Alitalia has reported only one year of profit (1998) since its foundation in 1946. Alitalia reported net losses of more than €3.7 billion between 1999 and 2008. Previous state aid to Alitalia included some €1.5 billion in 1998 from the government of premier Romano Prodi. In 2002, Alitalia received a capital increase of €1.432 billion under the government of Silvio Berlusconi. In 2004, the Berlusconi government gave a €400mn 'bridge' loan to Alitalia. In 2005, the capital of Alitalia was increased by €1.6 billion, including an over €500mn bond float issued with the promise of a return to profit in 2006. (Unfortunately the year ended with a loss of €626 million). In 2008, the Italian government gave a bridging loan of €300mn to Alitalia.

The government could in 2006 no longer offer support to the failing airline since it had been forbidden by the European Union to inject new capital. Therefore, as all other attempts to save the company had failed, the Italian government announced its willingness to lead Alitalia towards privatization by lowering its part of ownership in it. Several failed attempts to take over or merge Alitalia were made.
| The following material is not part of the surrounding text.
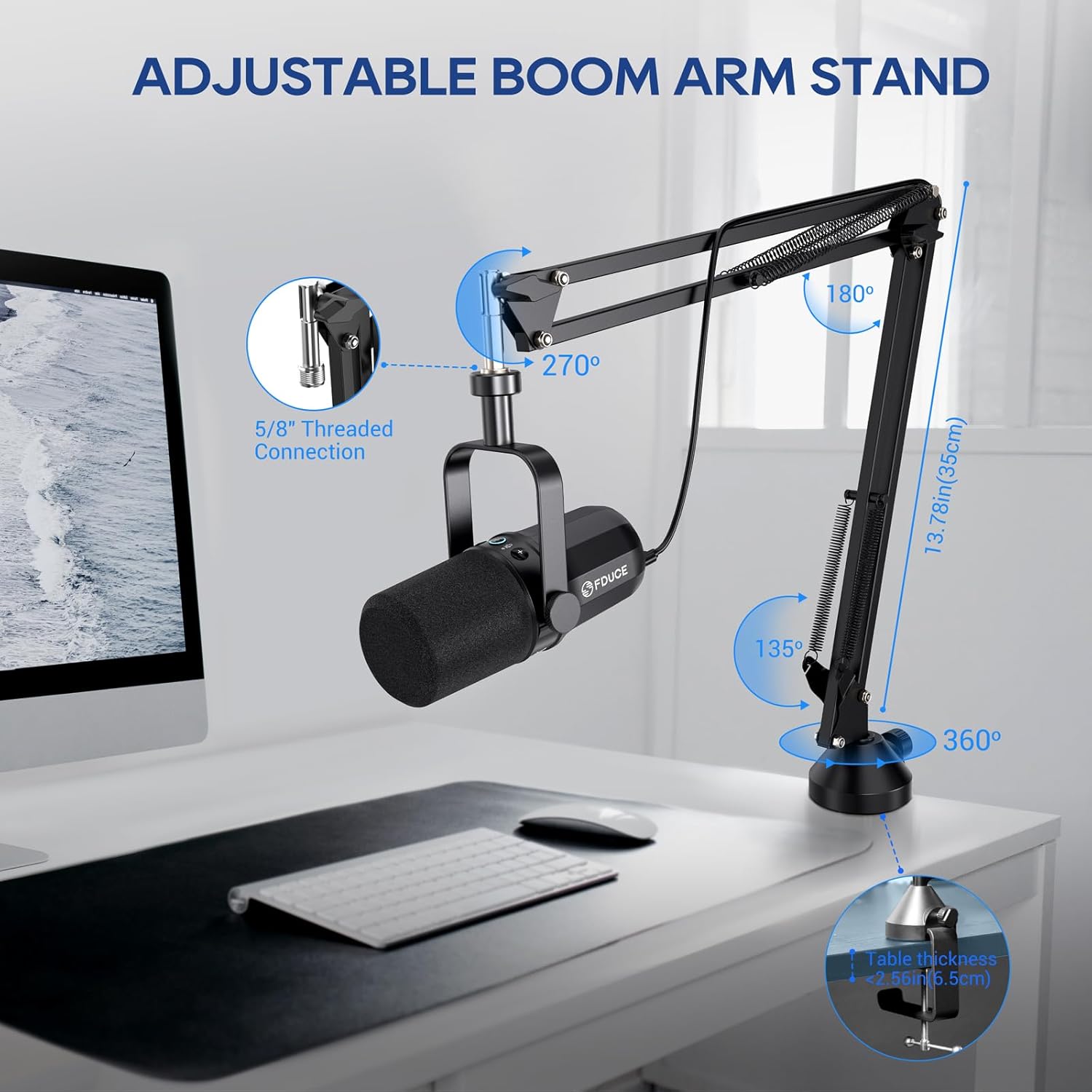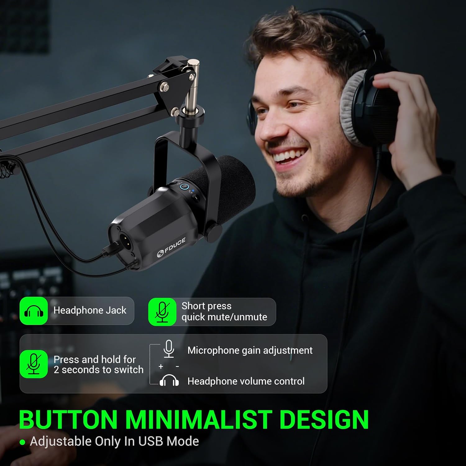 FDUCE SL40+ Dynamic Podcast Microphone, USB/XLR Microphone Set for Gaming and Streaming, Dynamic Microphone with Boom Arm Stand, Integrated Head Output, Mute Button, Gain Button

In May 2008, the government issued a decree that would exempt Alitalia from disclosing information on this sale to the market. As a consequence the trade in Alitalia stock at the Borsa Italiana in Milan was halted indefinitely by the stock exchange authorities as of 4 June 2008. Intesa Sanpaolo, as requested by the government, devised a plan in co-operation with the Italian cabinet. The plan was that Alitalia would file for bankruptcy, and thus be protected from its creditors. The next step of the plan was to split Alitalia in two parts, one part containing the debts and less promising parts of the company. After negotiations under supervision of the Italian government Alitalia filed for bankruptcy in August 2008.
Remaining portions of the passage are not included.